Enquanto profissional, acho que o primeiro maior desafio vai ser encontrar trabalho em Portugal, apesar das coisas estarem um pouco melhores - penso. Mas o meu maior desafio vai ser diário, no sentido de prestar cuidado ao doente de forma centrada, de forma holística, dando resposta a todas as suas necessidades. Outro desafio será a constante necessidade de consolidação e atualização de conhecimentos, para que o cuidado seja prestado de forma mais completa.

Experiência 'in loco'

Até agora todas as experiências que tive correram bem, sendo que há campos de estágios em que vamos mais apreensivos do que outros, talvez porque não nos identificamos muito com a área, ou porque nos parece ser um contexto muito difícil e ainda não nos sentimos totalmente preparados. Até hoje passei sete campos de estágio. No estágio de Urgência Geral eu estava mais reticente por muitos fatores: por ser um estágio onde começamos a fazer turnos, um estágio onde o professor já não estava de forma presencial e por ser um sítio totalmente diferente de todos os que já tinha passado, um estágio onde teria de lidar com situação de urgência e de emergência. Após a primeira semana de estágio já não queria sair deste campo de estágio, tive comigo uma enfermeira muito exigente mas incrível, que me ajudou a crescer e na aquisição de conhecimentos de uma forma esplendida. São todas estas experiências de estágio que nos fazem crescer e nos fazem ser enfermeiros de qualidade e referência, pois, apesar da teoria ser muito importante, o ensino clínico torna-se fundamental.

Preocupações

As maiores preocupações de um estudante de enfermagem são em relação ao futuro, no que diz respeito a aquisição ou não de trabalho no seu respetivo país. A mim, também é o que mais me preocupa, mas tento estar confiante.

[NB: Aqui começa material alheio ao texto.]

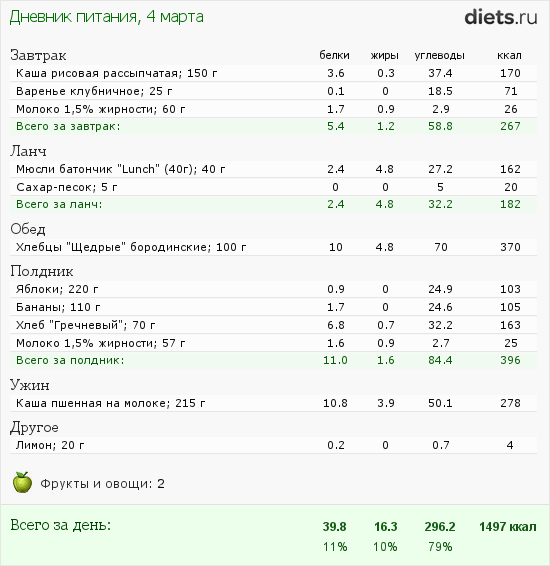 Вчера я углеводов нажрала как слон, зато жиров почти не было. Но 1500 ккал все равно набежало
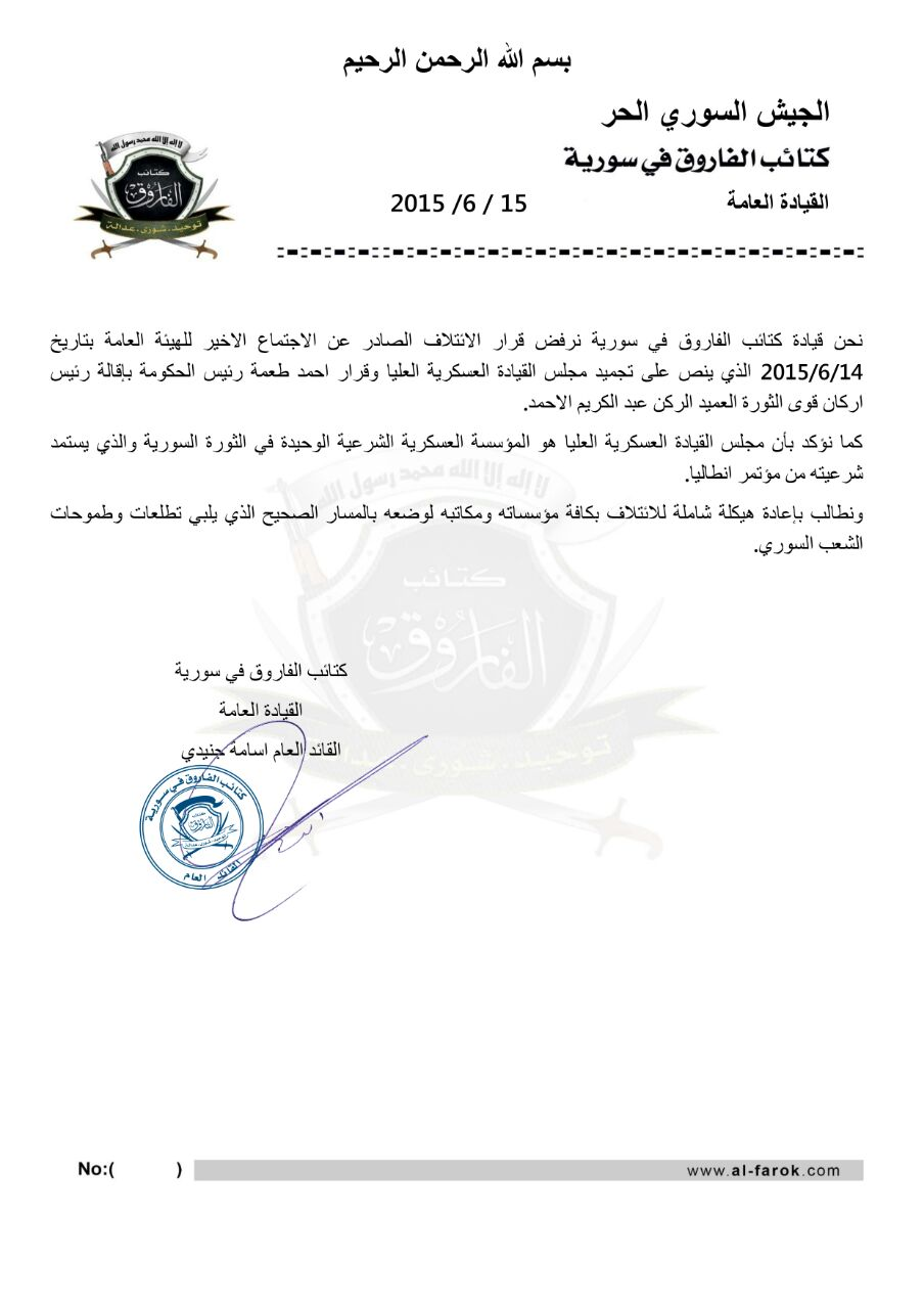 نحن قيادة كتائب الفاروق في سورية نرفض قرار الائتلاف الصادر عن الاجتماع الاخير للهيئة العامة بتاريخ ١٤ \ ٦ \ ٢٠١٥ الذي ينص على تجميد مجلس القيادة العسكرية العليا وقرار أحمد طعمة رئيس الحكومة بإقالة رئيس أركان قوى الثورة العميد الركن عبد الكريم الاحمد .

Depois do curso, Portugal ou estrangeiro?

Portugal, sem dúvida.

Se pudesse voltar atrás...

Escolheria o mesmo trajeto. Enfermagem foi sempre o que quis. Comecei por fazer um curso de técnica de fisioterapia, mas nunca deixei de lutar para um dia ser enfermeira. Enfermagem é um profissão única, de um valor inacreditável e não me sentiria completa se não fosse enfermeira, se não pudesse cuidar do outro. “Ser enfermeiro é um desejo que eu procuro conquistar…”.